With a net Ly $\alpha$ EW of $+$ 28.5 Å, and a ‘rotation-dominated’ kinematic classification derived from the deep AO-assisted observations of FS18, Q1623-BX502 (galaxy ‘d’ in the top panel of Fig. 4) appears to be inconsistent with our proposition that large net Ly $\alpha$ EW is a useful predictor of dispersion-dominated kinematics. Although its magnitude and redder colour $(U_n-\mathcal{R})$ = 0.72) than the other eLBGs place it in the ‘white strip’ on the CMD that contains both aLBGs and eLBGs, its relatively low stellar mass ( $\mathrm{log}({M}_{\star }/{M}_{\odot })= 9.4$ ), compact morphology ( $\rm{R_e} = 1.1 \pm 0.7$ kpc), low gas phase metallicity ( $12 + \mathrm{log}({O}/{H}) = 8.09$ ), are typical of what we would predict for a dispersion-dominated galaxy with such strong Ly $\alpha$ emission. Earlier reports based on seeing-limited and AO observations classify Q1623-BX502 as ‘dispersion-dominated’ (FS09, LA09 and Newman et al. Reference Newman2013) and the ratios ${\rm{\Delta}}{v}_{\mathrm{obs}}/2{\sigma }_{\mathrm{tot}}$ ( $0.50 \pm 0.16$ ) and ${V}_{\mathrm{rot}}/{\sigma}_{0}$ ( ${2.0}_{-0.8}^{+1.5}$ ) for Q1623-BX502 reported by FS18 are equivalent (within the stated uncertainties) to the threshold values (0.4 and $\sqrt{3.36} \approx 1.83$ , respectively) used by FS09 and FS18 to classify galaxies as either rotation or dispersion-dominated (see Section 3.3.2).

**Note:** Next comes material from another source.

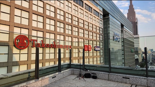筆者の定番移動場所? バスタ新宿がある駅ビル7階屋上での運用でした。運用時間は90分程度。アンテナはHF6CLSです。

Thus, Q1623-BX502 is a borderline case in terms of its kinematics, and, by its position on the CMD, would not be selected by our kinematic broadband photometric criteria (see Paper I).

To summarise, although some of the Ly $\alpha$ -emitting sources in the $z\sim2$ kinematic sample are not classified as ‘dispersion-dominated’ in the source IFU studies, they are characteristically compact, blue in colour, have relatively low stellar mass, low gas-phase metallicity, and highly disordered kinematics in which the rotation signature (if any) is weak and more typical of low angular momentum ‘orbital-type’, rather than the strong ‘disc-like’ rotation characteristic of the Ly $\alpha$ absorbers. We note that those cases that are borderline or complex do not meet our broadband photometric criteria and would not be selected.

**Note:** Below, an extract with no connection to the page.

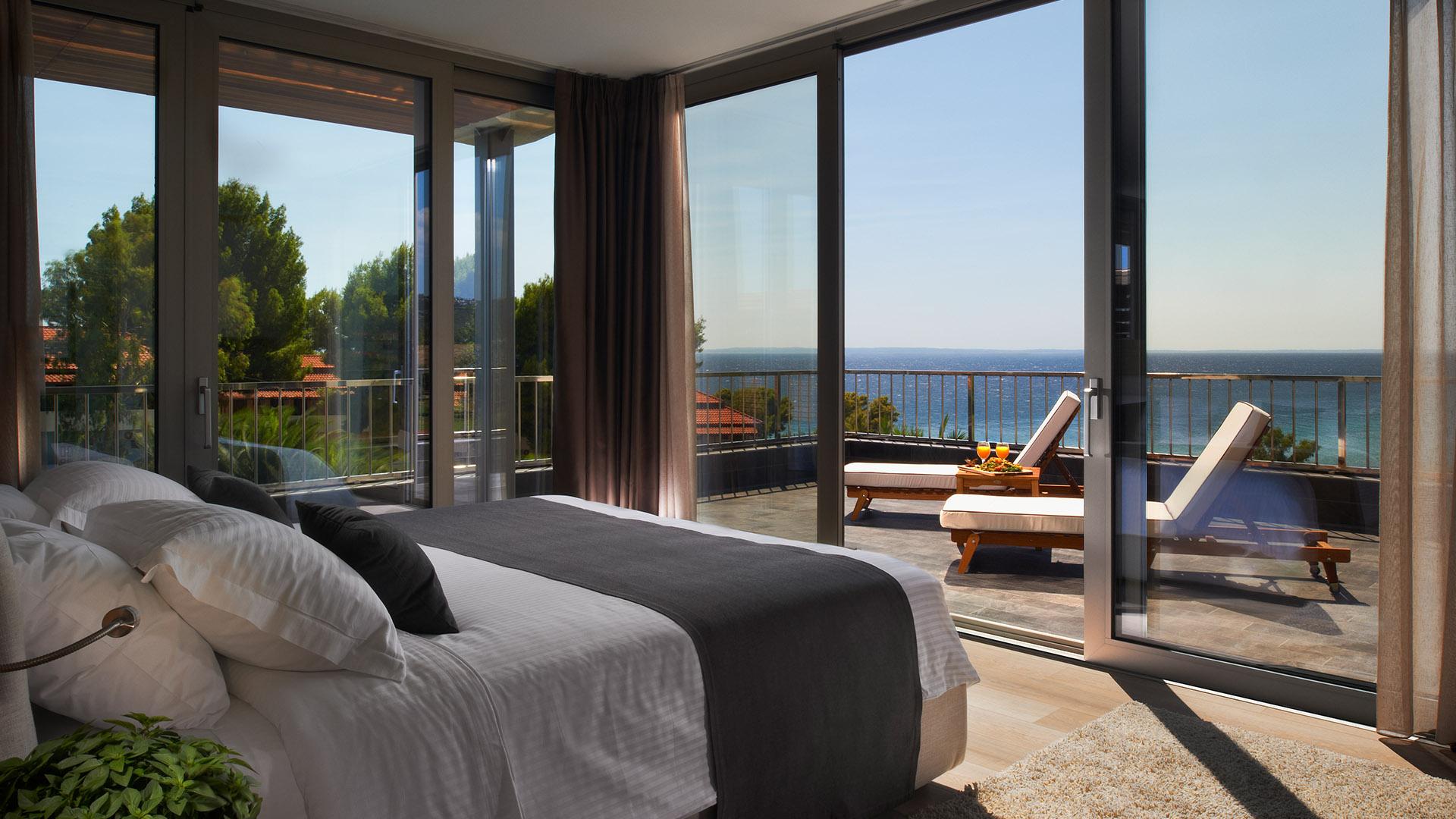 - Deluxe Suite Sea View – 60 кв.м (макс. 3): номер открытой планировки с кроватью king-size и двуспальной диваном-кроватью, ванная комната с ванной и душевой, уборная, оборудованный балкон или терраса

3.3.1 Kinematic classifications vs net Ly $\alpha$ EW

With even a naive application of the kinematic classifications derived from the literature, there is a clear bifurcation in the average Ly $\alpha$ spectral properties of the non-merger rotation and dispersion-dominated populations in the $z\sim2$ and $z\sim3$ kinematic samples. The mean net Ly $\alpha$ EW for rotation-dominated galaxies in the $z\sim2$ sample is $-$ 7.0 Å, and $+$ 14.4 Å for the dispersion-dominated sub-sample. (cf. $+$ 1.1 and $+$ 19.6 Å for the $z\sim3$ rotating/rotation-dominated and not-rotating/dispersion-dominated sub-samples, respectively). A two-sided KS test on a combined ( $z\sim2$ + $z\sim3$ ) sample comprising eighteen rotation- and 14 dispersion-dominated galaxies rejects with $\sim$ 99% confidence ( $p = 0.012$ ) the null hypothesis that the rotation-and dispersion-dominated galaxies were drawn from the same distribution of net Ly $\alpha$ EW values.

3.3.2 Quantitative kinematics versus Ly $\alpha$

We now look to investigate the relationship between net Ly $\alpha$ EW and galaxy kinematics using quantitative parameters derived from the IFU kinematic maps of the respective source studies in addition to the classifications that we have used up to this point. In doing so, we note that methods to measure rotation velocity and global velocity dispersion differ between surveys, Although we have taken care to compare like with like as much as possible, homogenising these methods is beyond the scope of this paper, and we acknowledge that this is a potential source of systematic errors.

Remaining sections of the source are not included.